社説 安保法案審議入り 事の本質 具体的に語れ

 安全保障関連法案がきのう国会で審議入りした。戦後の日本では個別的自衛権の枠内で自衛力を保持する政府の憲法解釈が定着してきたが、大きな変更が加えられようとしている。

 安倍晋三首相は衆院本会議で「政治家は平和を願うだけではなく、果敢に行動していかなければならない」と述べた。政治生命を懸けると受け取っていいのだろうか。ただ、今後まともな質疑が行われるのか憂慮すべき兆しもあるようだ。

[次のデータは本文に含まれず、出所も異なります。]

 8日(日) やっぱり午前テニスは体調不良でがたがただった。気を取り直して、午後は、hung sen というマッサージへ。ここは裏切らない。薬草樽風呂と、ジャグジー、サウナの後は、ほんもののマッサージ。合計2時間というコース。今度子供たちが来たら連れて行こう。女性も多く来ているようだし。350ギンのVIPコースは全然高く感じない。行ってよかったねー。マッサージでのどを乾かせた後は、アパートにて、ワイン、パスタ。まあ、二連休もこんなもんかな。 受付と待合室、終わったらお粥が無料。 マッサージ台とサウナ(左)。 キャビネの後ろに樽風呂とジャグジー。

 政府側には議論を回避する姿勢が早くも見える。一つ一つ丁寧な議論に努め、間違っても強行採決に持ち込むことがあってはなるまい。法案の中身もさることながら、首相の政治姿勢が問われている。

 議論回避に映る一つに自衛隊員のリスクの問題があろう。

 首相はきのうの本会議で「それでもリスクは残る」と述べ、この問題について明言しないこれまでの姿勢を一部、軌道修正したようだ。とはいえ野党側が指摘する危険の増大については、依然として認めなかった。

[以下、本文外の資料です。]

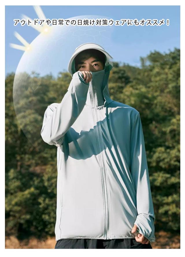 | 長時間外にいなくてはいけない時も紫外線から肌を守ります! サイクリングなどの屋外アクティビティなど、様々なシーンで使える1着があれば、安心の万能パーカー。 柔らかく、滑らかで涼しげな素材を使用。一般の蒸し暑い生地ではなく、独特な紡織技術で織った通気性と速乾性に優れな生地を使用、汗ばむでも蒸れません。伸縮性がある生地のため、ストレスなく着用できます。 指穴付きになったデザインで、手の甲までしっかり覆えるのがポイントです。 アウトドアや日常での日焼け対策ウェアにもオススメ! | |
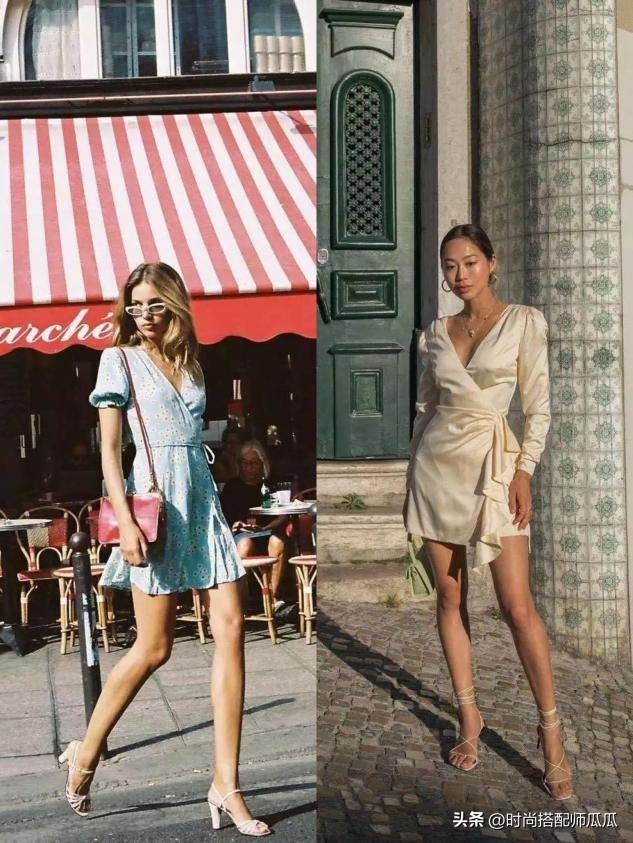 法式裙的基礎設計,在大方向上抓住了很多女生想要顯瘦的穿搭心理,比如裙擺的位置微微下垂,放寬的輪廓就很好遮肉顯瘦。裙擺五分長短,一般都可以藉助擴大的橫向比例,幫助你優化窄腰寬臀的線條,大多數白人女生會用低跟鞋去組合法式裙,這也是我們可以去學習的組合方式。

 最近の閣僚らの発言も併せて考えると、事の本質を誠実に語ろうとしているとは思えない。中谷元・防衛相にしても22日の記者会見で「法整備で得られる効果はリスクよりもはるかに大きい。日米同盟の抑止力で安全性も高まる」とまで述べた。首をかしげたくなる。

 この関連法が成立すれば集団的自衛権の行使が可能となり、外国軍への後方支援も「現に戦闘行為を行っている現場」以外では行うことができる。従来より前線に近づくことは十分に考えられよう。国連平和維持活動(PKO)でも、治安維持や駆け付け警護が可能になる。

 つまり隊員の活動の範囲は確実に広がる。そのリスクをことさら少なく見せようとするなら国会審議や世論をミスリードすることにつながろう。

 法案の根幹に関わる重大な点というのに首相の感覚のずれは見過ごせない。おととい「木を見て森を見ない議論が多い」と反論した。「自衛隊員のリスク以前に国民のリスクが高まっている」という理屈も唱えたが、筋違いだろう。隊員のリスクと国民のリスクをてんびんに掛ける意味が分からない。

 国会審議では、まず自衛隊がどんな場面でどんな活動をするのか、分かりやすく説明すべきだ。リスクに関しても想定される一つ一つのケースでつまびらかにすることが求められる。

 例えば外国軍との共同行動を行った際、自衛隊だけの判断で活動を中止できるものかどうか。そうした本質を考えるべきではないか。その上で、危険の増大を覚悟してでも取り組むべき法整備だというのなら、そうはっきり説明してもらいたい。

 「他国の戦争に巻き込まれることは絶対にあり得ない」と首相は繰り返してきたが、これも疑わしい。日米同盟強化によって抑止力が高まるとしても、軍事的な貢献は当然、米国から求められよう。その反作用をあまりにも軽視してはいないか。

 きょうからの特別委員会の審議では、野党の存在価値が問われよう。民主党と維新の党は、集団的自衛権行使についての立ち位置が微妙に異なる。少なくとも、政権が拙速に審議を進めようとすることに異を唱える点で共闘を求めたい。